* EXERCISE: From the line containing "本年のゴールデンウィーク休業は以下の日程となっております。" to the line containing "SKMEI цифровые часы" in the records below, set down every line exactly as it stands, both ends included, and skip the pictures.

* DATA SUPPLIED:

━━━━━━

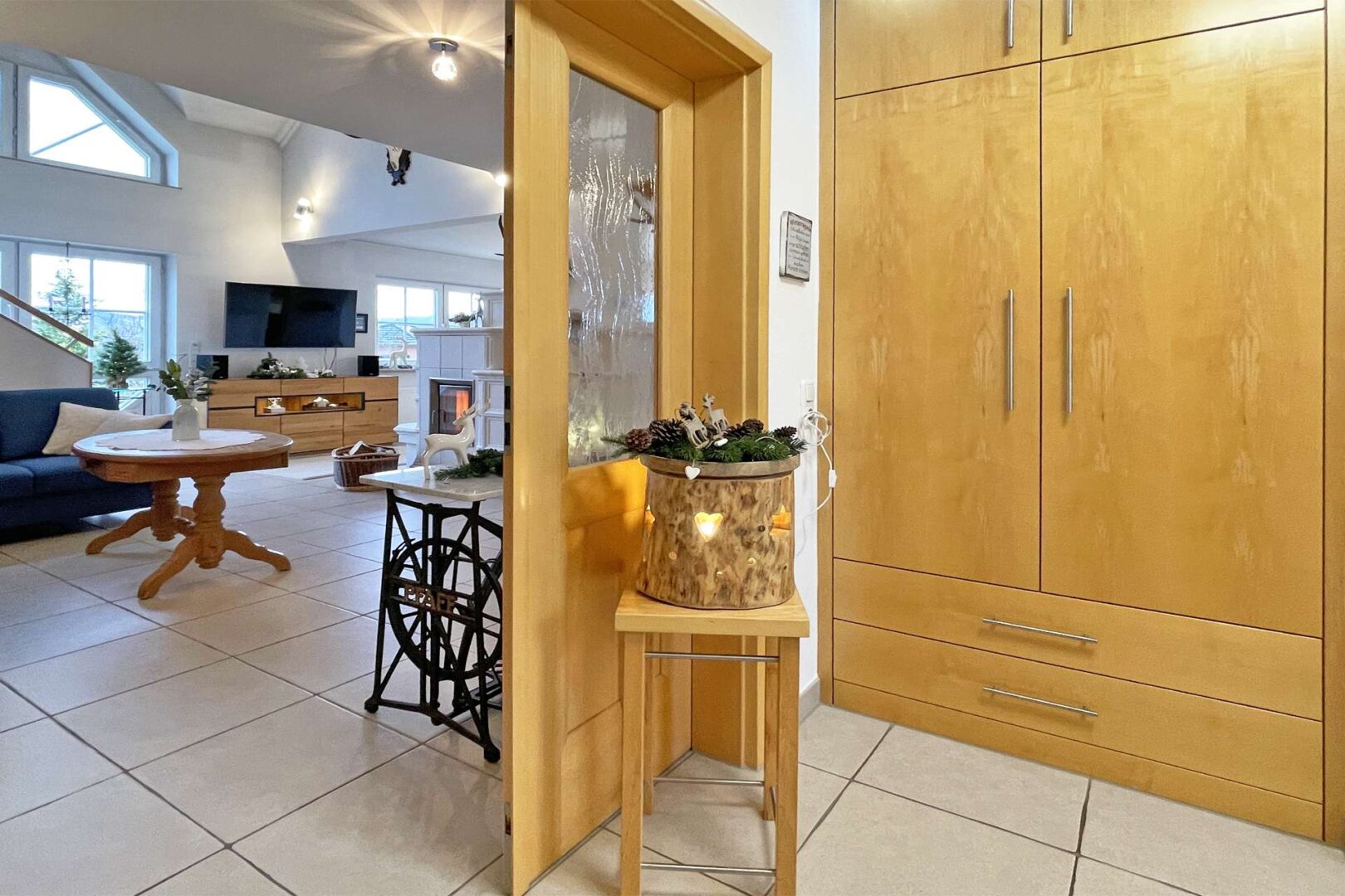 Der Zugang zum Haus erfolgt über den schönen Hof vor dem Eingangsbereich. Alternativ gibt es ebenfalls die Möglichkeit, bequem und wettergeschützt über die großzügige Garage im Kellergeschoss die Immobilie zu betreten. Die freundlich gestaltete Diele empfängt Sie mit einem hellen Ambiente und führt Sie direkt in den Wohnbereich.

━━━━━━

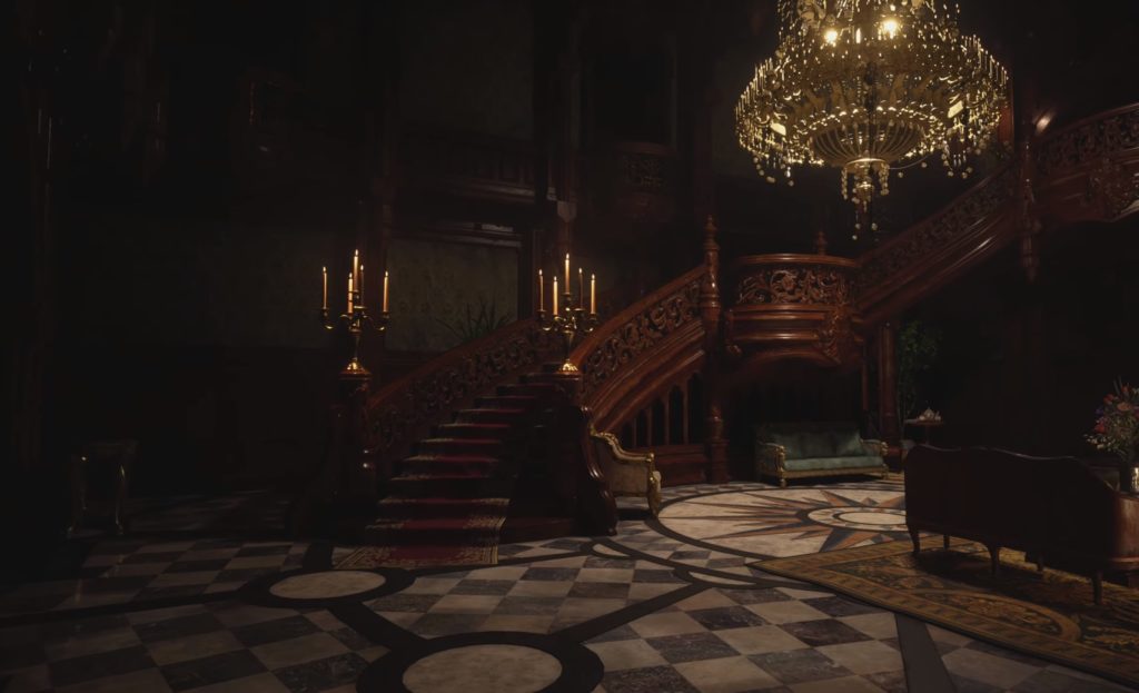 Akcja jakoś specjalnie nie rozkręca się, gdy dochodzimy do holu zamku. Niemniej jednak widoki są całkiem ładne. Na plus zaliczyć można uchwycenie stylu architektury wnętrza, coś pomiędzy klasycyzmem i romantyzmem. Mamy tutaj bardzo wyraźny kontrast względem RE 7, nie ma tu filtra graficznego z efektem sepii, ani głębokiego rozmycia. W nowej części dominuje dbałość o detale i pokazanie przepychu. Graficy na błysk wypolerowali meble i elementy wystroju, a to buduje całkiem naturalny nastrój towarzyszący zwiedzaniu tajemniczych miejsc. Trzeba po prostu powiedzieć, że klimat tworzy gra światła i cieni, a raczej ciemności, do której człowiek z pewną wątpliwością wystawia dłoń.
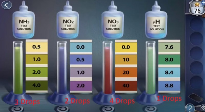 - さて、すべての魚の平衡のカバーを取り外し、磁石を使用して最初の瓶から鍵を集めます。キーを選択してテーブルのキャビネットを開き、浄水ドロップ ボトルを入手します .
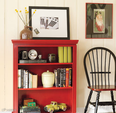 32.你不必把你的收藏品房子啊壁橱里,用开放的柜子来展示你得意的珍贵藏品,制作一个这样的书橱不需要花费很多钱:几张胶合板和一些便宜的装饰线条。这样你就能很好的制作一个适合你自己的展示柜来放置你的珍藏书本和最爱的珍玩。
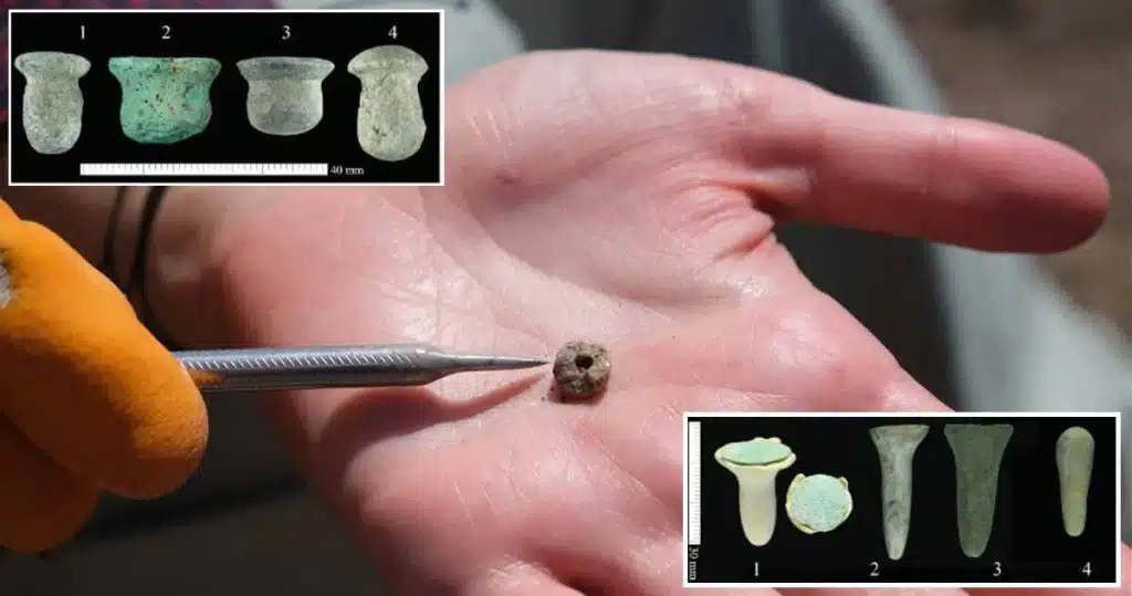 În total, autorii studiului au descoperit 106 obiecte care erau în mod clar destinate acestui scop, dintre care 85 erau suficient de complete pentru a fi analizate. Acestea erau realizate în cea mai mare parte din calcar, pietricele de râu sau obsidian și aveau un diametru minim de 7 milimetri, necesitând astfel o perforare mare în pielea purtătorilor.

━━━━━━

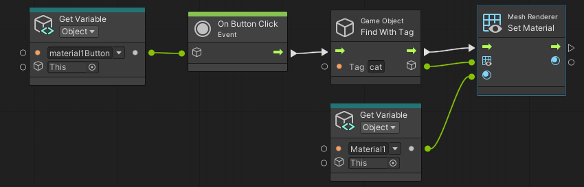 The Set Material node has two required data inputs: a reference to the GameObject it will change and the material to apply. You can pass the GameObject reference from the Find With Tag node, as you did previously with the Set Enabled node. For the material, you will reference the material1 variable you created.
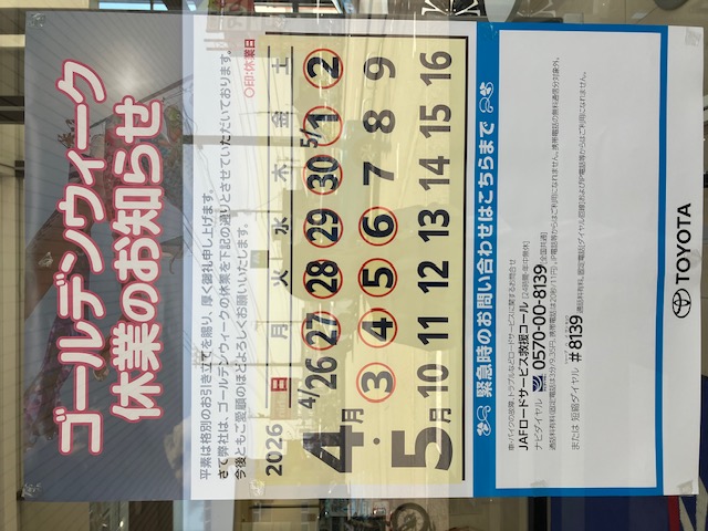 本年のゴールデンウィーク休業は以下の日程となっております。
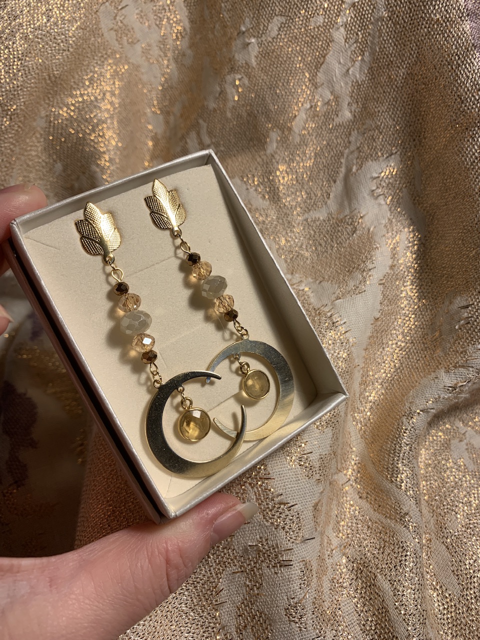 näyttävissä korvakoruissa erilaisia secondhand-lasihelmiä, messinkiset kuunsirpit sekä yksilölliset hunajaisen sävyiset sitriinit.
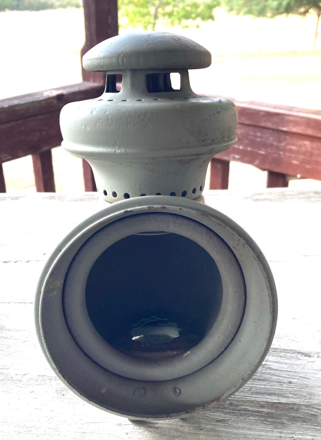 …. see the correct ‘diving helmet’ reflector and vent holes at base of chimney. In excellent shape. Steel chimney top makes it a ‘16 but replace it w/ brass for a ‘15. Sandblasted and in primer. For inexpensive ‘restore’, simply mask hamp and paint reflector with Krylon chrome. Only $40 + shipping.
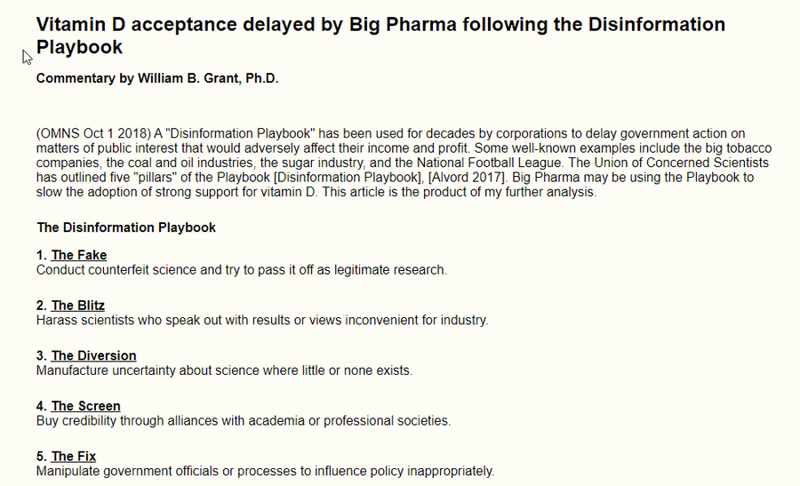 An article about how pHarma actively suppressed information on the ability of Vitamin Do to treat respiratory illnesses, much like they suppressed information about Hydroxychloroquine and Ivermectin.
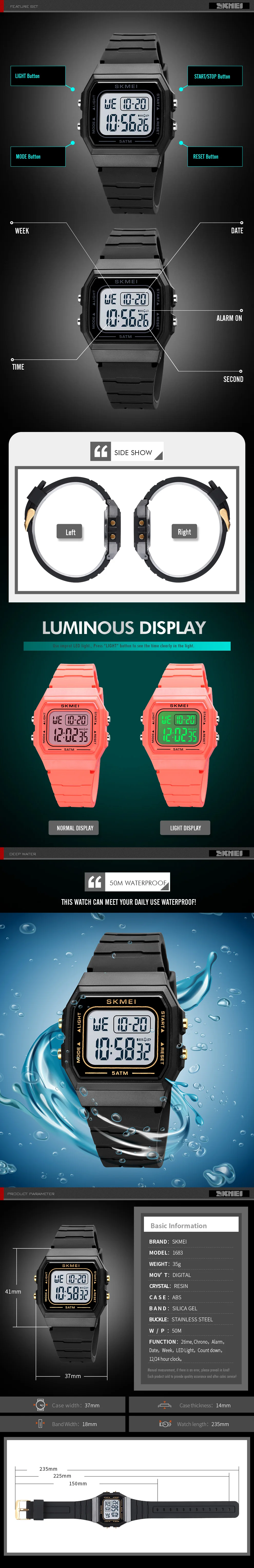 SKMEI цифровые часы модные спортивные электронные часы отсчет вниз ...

━━━━━━

* REPLY TO THE TASK:
 本年のゴールデンウィーク休業は以下の日程となっております。
 näyttävissä korvakoruissa erilaisia secondhand-lasihelmiä, messinkiset kuunsirpit sekä yksilölliset hunajaisen sävyiset sitriinit.
 …. see the correct ‘diving helmet’ reflector and vent holes at base of chimney. In excellent shape. Steel chimney top makes it a ‘16 but replace it w/ brass for a ‘15. Sandblasted and in primer. For inexpensive ‘restore’, simply mask hamp and paint reflector with Krylon chrome. Only $40 + shipping.
 An article about how pHarma actively suppressed information on the ability of Vitamin Do to treat respiratory illnesses, much like they suppressed information about Hydroxychloroquine and Ivermectin.
 SKMEI цифровые часы модные спортивные электронные часы отсчет вниз ...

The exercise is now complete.